**Aim of the exercise**
Please return the listing below exactly, without any of its pictures.

**Data shown**
★ ★ ★

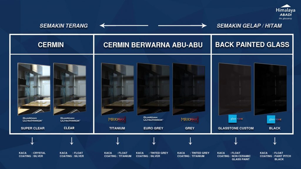 Pada artikel yang lalu, kita sudah membahas mengenai jenis-jenis dari cemin bronze. Selain cermin bronze, cermin warna yang populer dikalangan interior design dan arsitektur di Indonesia adalah cermin dengan turunan warna abu-abu atau “grey”. Karena warnanya yang cenderung memberikan efek pantulan yang sedikit gelap, maka dari itu cermin grey merupakan padanan material kaca yang tepat digunakan untuk area-area yang menghendaki suasana dan nuansa yang santai. Berikut ini adalah alternatif-alternatifnya:
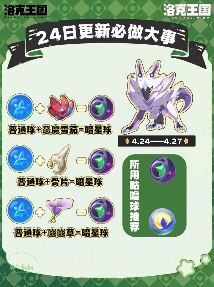 折射技能、兽花蕾、星尘虫、属性克制表、咕噜球合成材料、性格表。
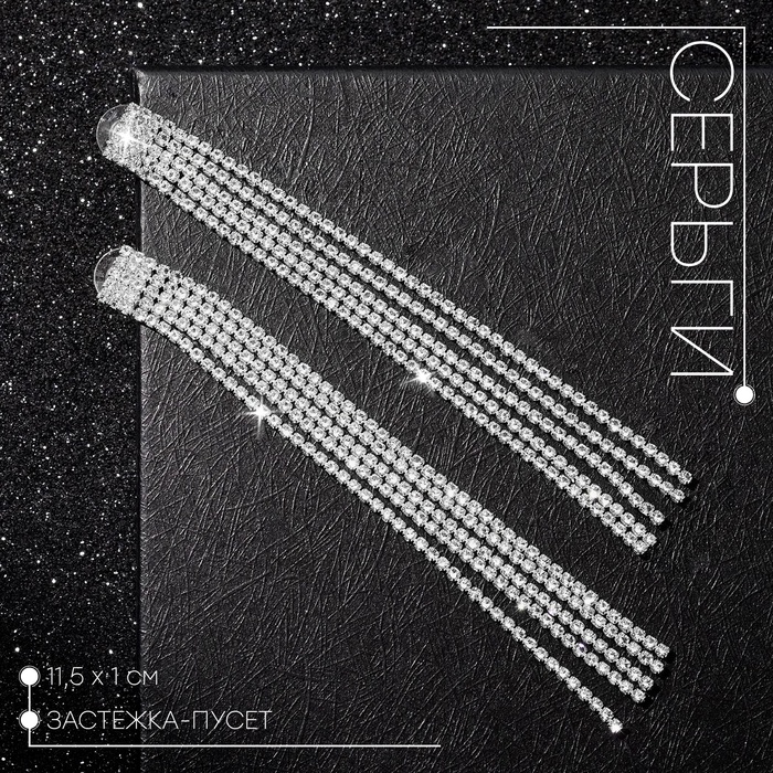 Серьги висячие со стразами «Водопад» прямые нити, цвет белый в серебре, 11,5 см — Характеристики

★ ★ ★

**Response to the task**
 Pada artikel yang lalu, kita sudah membahas mengenai jenis-jenis dari cemin bronze. Selain cermin bronze, cermin warna yang populer dikalangan interior design dan arsitektur di Indonesia adalah cermin dengan turunan warna abu-abu atau “grey”. Karena warnanya yang cenderung memberikan efek pantulan yang sedikit gelap, maka dari itu cermin grey merupakan padanan material kaca yang tepat digunakan untuk area-area yang menghendaki suasana dan nuansa yang santai. Berikut ini adalah alternatif-alternatifnya:
 折射技能、兽花蕾、星尘虫、属性克制表、咕噜球合成材料、性格表。
 Серьги висячие со стразами «Водопад» прямые нити, цвет белый в серебре, 11,5 см — Характеристики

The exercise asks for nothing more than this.